Thank you but why is this done? isnt the function doing this?
@TimKrul: No. Your code takes a copy of your num, modifies it then returns it. Your main function does nothing with this new modified version.
Oh i didnt give much attention to call by value class. Thank you!
3

It looks like you are never assigning the return value of func(). Your function returns the struct, but you are never assigning it. To fix this, you should be able to simply say: s1 = func(s1,x,y); This will assign the modified version of the struct to the s1 variable.

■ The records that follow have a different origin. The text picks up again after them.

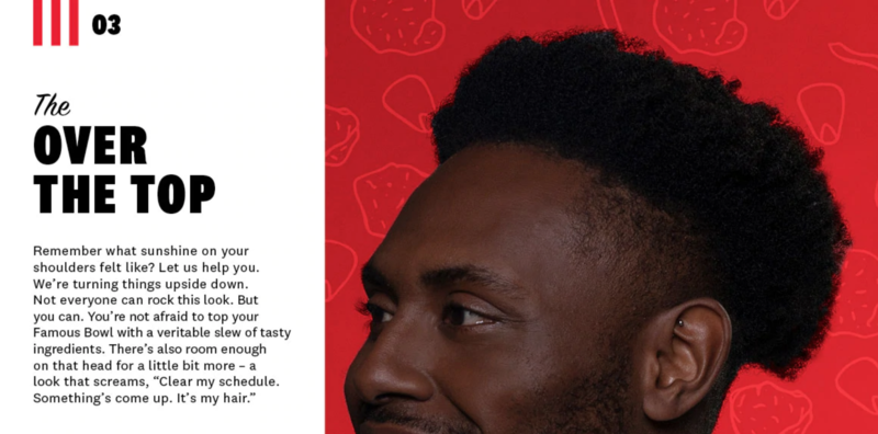 A fin de promocionar sus “Famous Bowls” KFC lanzó a principios de este año una campaña en la que invitaba a sus clientes a regresar a los 90 y cortarse el pelón a tazón (ese infame estilismo capilar que tantos estragos causó por aquella época).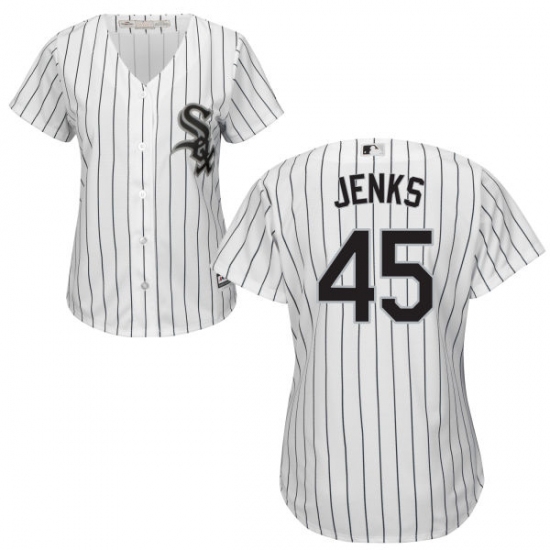 Home>MLB>Chicago White Sox>Bobby Jenks>Women's Majestic Chicago White Sox #45 Bobby Jenks Authentic White Home Cool Base MLB Jersey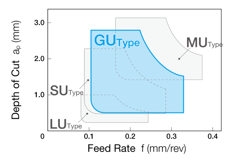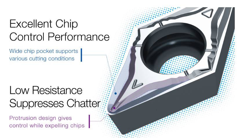 El diseño de la forma del rompevirutas caracterizado por un amplio bolsillo de virutas ha mejorado el control de las virutas en una amplia gama de condiciones de corte. Esto evita el atasco de virutas durante el proceso de corte y logra un mecanizado estable. Además del acero de aleación, también es aplicable a varios materiales de trabajo, incluidos el acero al carbono y el acero inoxidable.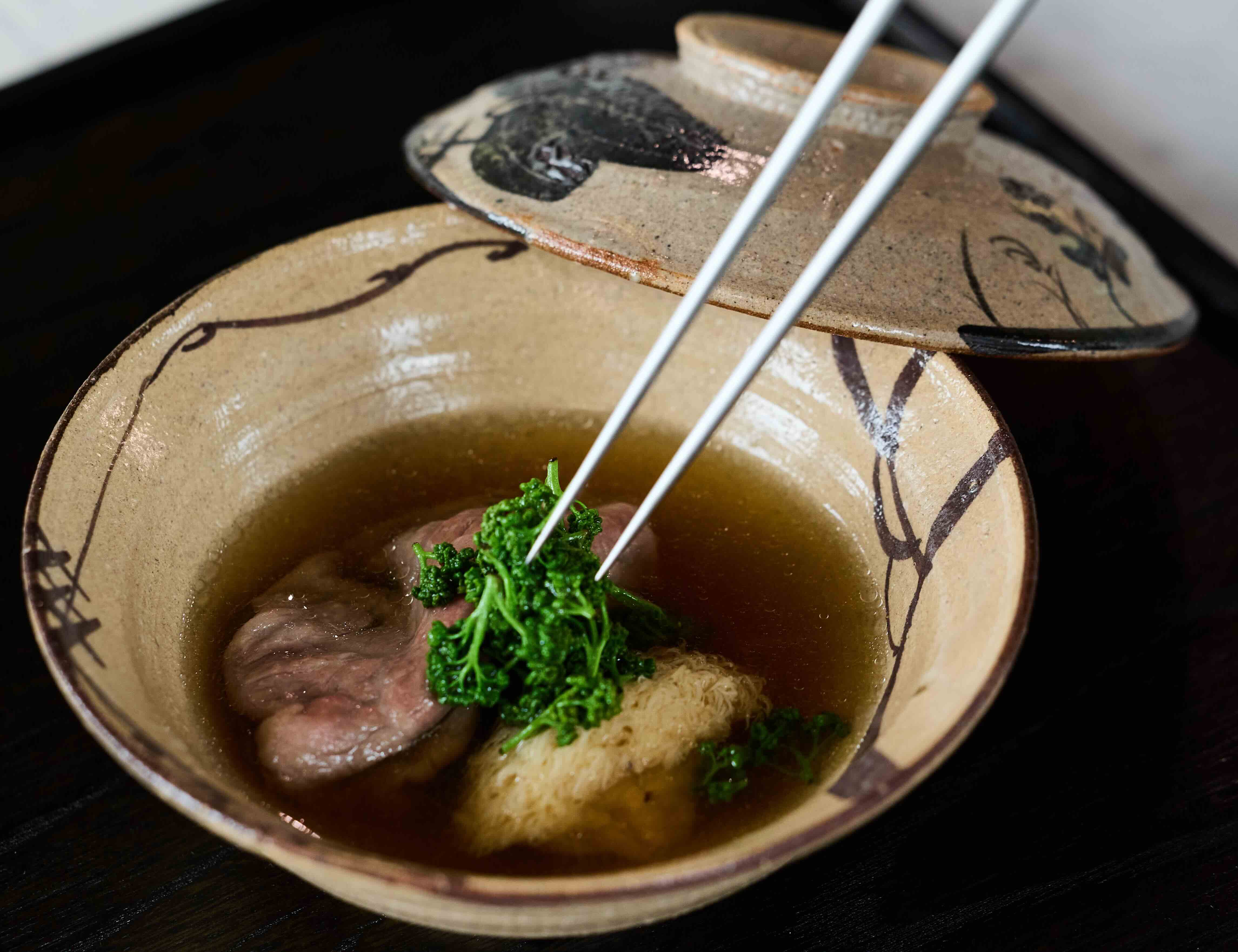 餐序後段,也是日本來台紅銅鍋正式登場的時刻。「花山椒牛肉涮涮鍋・猴頭菇」以紅銅鍋直接上桌,在客人眼前沸騰。主角之一花山椒,是日本春初才短暫現身的珍稀山菜,賞味期極短,每年春天開幕,旋即謝幕。上田說,在這個時節舉辦《旬刻》,才有機會向賓客介紹這個食材。花山椒的微麻與牛肉的鮮甜在滾湯裡交融,連湯底一併盛盤,讓賓客直接喝到那份季節辛味。另一個配角猴頭菇,則是上田來台走訪產地時的新發現,是他此前料理經驗中不曾接觸過的食材,此次特別收入菜單,成為這道鍋物與台灣風土之間一條細細的隱線。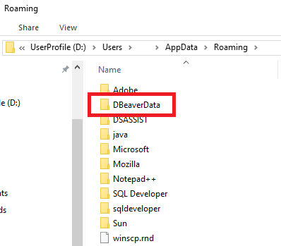 그럼 DBeaver가 설치된 PC라면 아래와 같이 DBeaverData 디렉토리를 확인할 수 있다. 통째로 복사하자.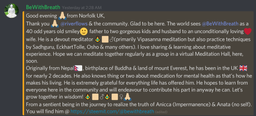 bewithbreath(25)•in #partiko•2478 days agoCalling all meditators and meditation enthusiasts 🧘🏼♂️🧘🏼♀️on #STEEM!Good morning Kind and Wonderful steemians, “Mindful Life” is inviting all meditators and meditation enthusiasts to join the mindful community. Warm-hearted invi...1799$1.25bewithbreath(25)•in partiko•2478 days agoCalling all meditators and meditation enthusiasts 🧘🏼♂️🧘🏼♀️on #STEEM!Good morning Kind and Wonderful steemians, “Mindful Life” is inviting all meditators and meditation enthusiasts to join the mindful community. Warm-hearted invi...1799$1.25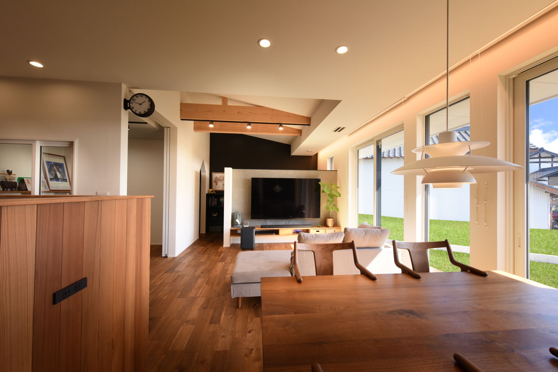 シックな雰囲気のリビング、照明や家具などインテリアもこだわっている。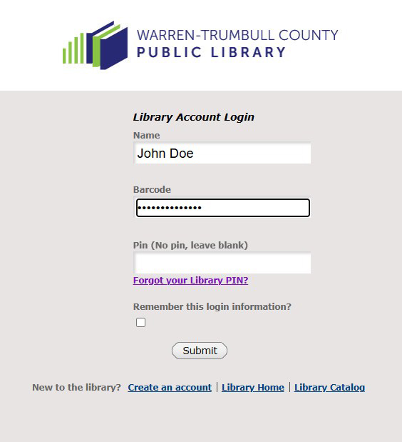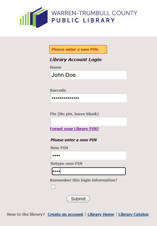 You should see a screen that looks something like the picture below. Enter your name and your library barcode. Since you don’t have a PIN yet, leave the Pin field blank. Press the submit button.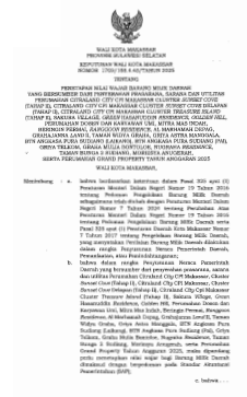 Keputusan Walikota Makassar Nomor 1769 Tahun 2025 Tentang Penetapan Nilai Wajar Barang Milik Daerah Yang Bersumber Dari Penyerahan Prasarana, Sarana Dan Utilitas Perumahan Citraland City Cpi Makassar Cluster Sunset Cove (Tahap II), Citraland City CPI Makassar Cluster Sunset Cove Delapan (Tahap I), Citraland City CPI Makassar Cluster Treasure Island (Tahap II, Sakura Village, Greenhasanuddin Residence, Golden Hill, Perumahan Dosen Dan Karyawan UMI, Mitra Mas Indah, Beringin Permai, Ranggoon Residence, Al Marhamah Depag, Grahajanna Land II, Taman Widya Graha, Griya Astra Manggala, Btn Angkasa Pura Sudiang (Laikang), Btn Angkasa Pura Sudiang (Pai), Oriya Telkom, Graha Mulia Bontoloe, Nugraha Residence, Taman Bunga 2 Sudiang, Moriesya Anugerah, Serta Perumahan Grand Property Tahun Anggaran 2025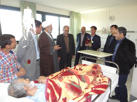 به مناسبت گراميداشت هفته سلامت، جمعی از مسئولين شهرستان از بيماران بستری در بيمارستان ولی عصر (عج) عيادت و دلجويی نمودند.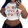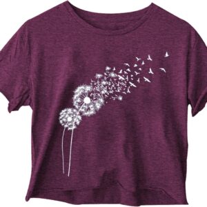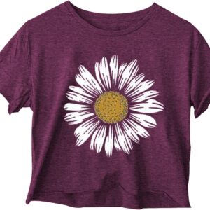 Woffccrd Womens Crop Tops Short Sleeve Wildflower Printed T-Shirts Crew Neck Summer Graphic Tee Tops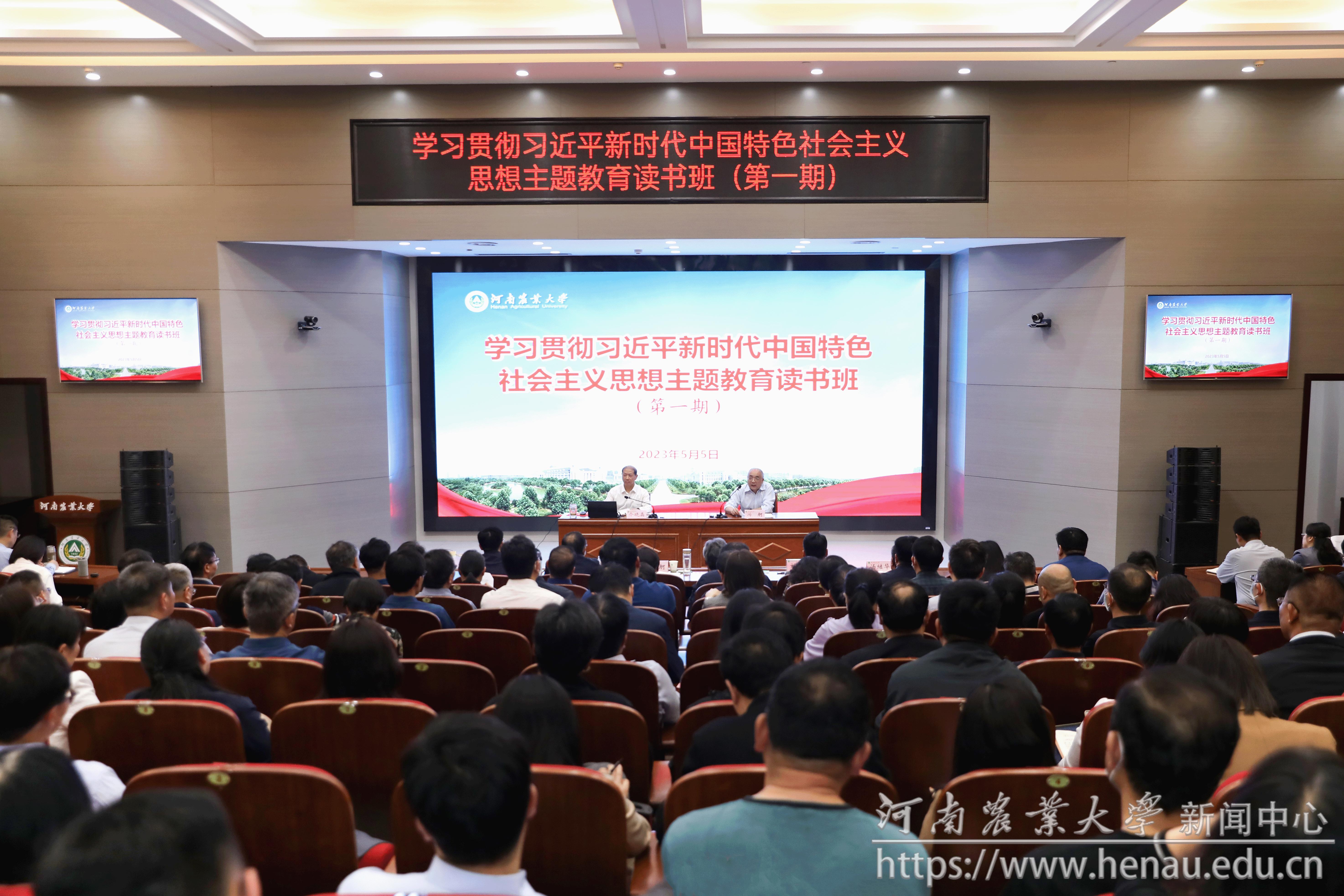 本网讯(通讯员 赵娅楠 图片 黄璞)5月5日,学校学习贯彻习近平新时代中国特色社会主义思想主题教育读书班第一期开班,校党委副书记、校长介晓磊作专题党课,校党委副书记游舸主持会议。全体校领导、全校处级干部参会。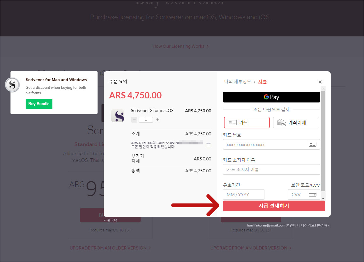 스크리브너 시리얼을 받을 주소를 써넣고,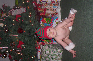 I know I am really late getting the Christmas pics on here but here they are. We were trying to get the pic taken for the christmas card. She looked so darn cute in the elf hat. Just something else she will probably hate me for later!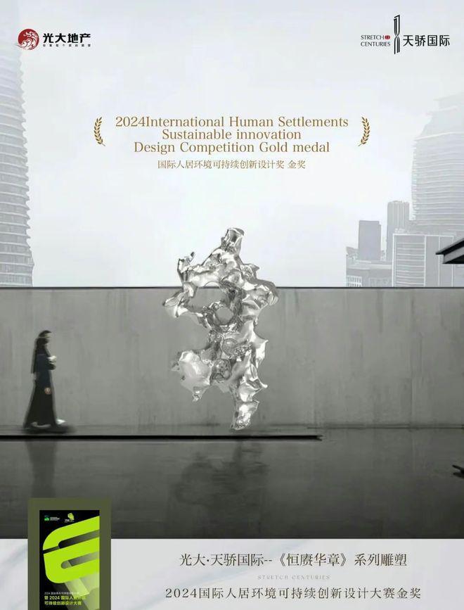 YSE GREEN国际人居绿奖获奖作品:《恒赓华章》系列雕塑获得奖项:2024国际人居环境可持续创新设计大赛 金奖设计亮点:现代材质转译太湖石韵,重构空间演绎东方自然美学。注:对在人居环境可持续发展领域表现卓越的个人、团队或项目的最高认可。

Alternatively, you could rewrite func() to accept a pointer to the struct. This would allow you to modify the struct without having to return it:

 void func( num *x, int a, int b) {
     x->n[0] = a+b;
     x->n[1] = a*b;
 }

Then you would just change your call to func() to say: func(&s1, x, y);

Comments

2

You are not passing your struct by reference, hence the result. Try the following:

void func(num &x, int a, int b) { 
    x.n[0] = a+b;
    x.n[1] = a*b;
}

There's no need for the function to return anything since your struct is passed by reference and it will be changed anyway. Void would fit better.

1 Comment

Why keep the return type of num, then? It's never used. Vlad's answer is better.
1

This is because you have passed the struct by value while your intentions look like you want to pass by reference. Check this link : http://courses.washington.edu/css342/zander/css332/passby.html

num func( num &x, int a, int b) 

should fix your problem

3 Comments

Why keep the return type of num, then? It's never used.
@LightnessRacesinOrbit that depends on the use cases of func. From the question it looked like the OP was confused about semantics of passing parameters to function. There are precedents to cases where an object returns an instance and modifies the parameter that is passed to it.
Of course there are, but the "default" approach should be the clear and simple one, which is using the return value the OP's already got. Your answer keeps that value, but makes it completely redundant; that seems like a backwards step, to me.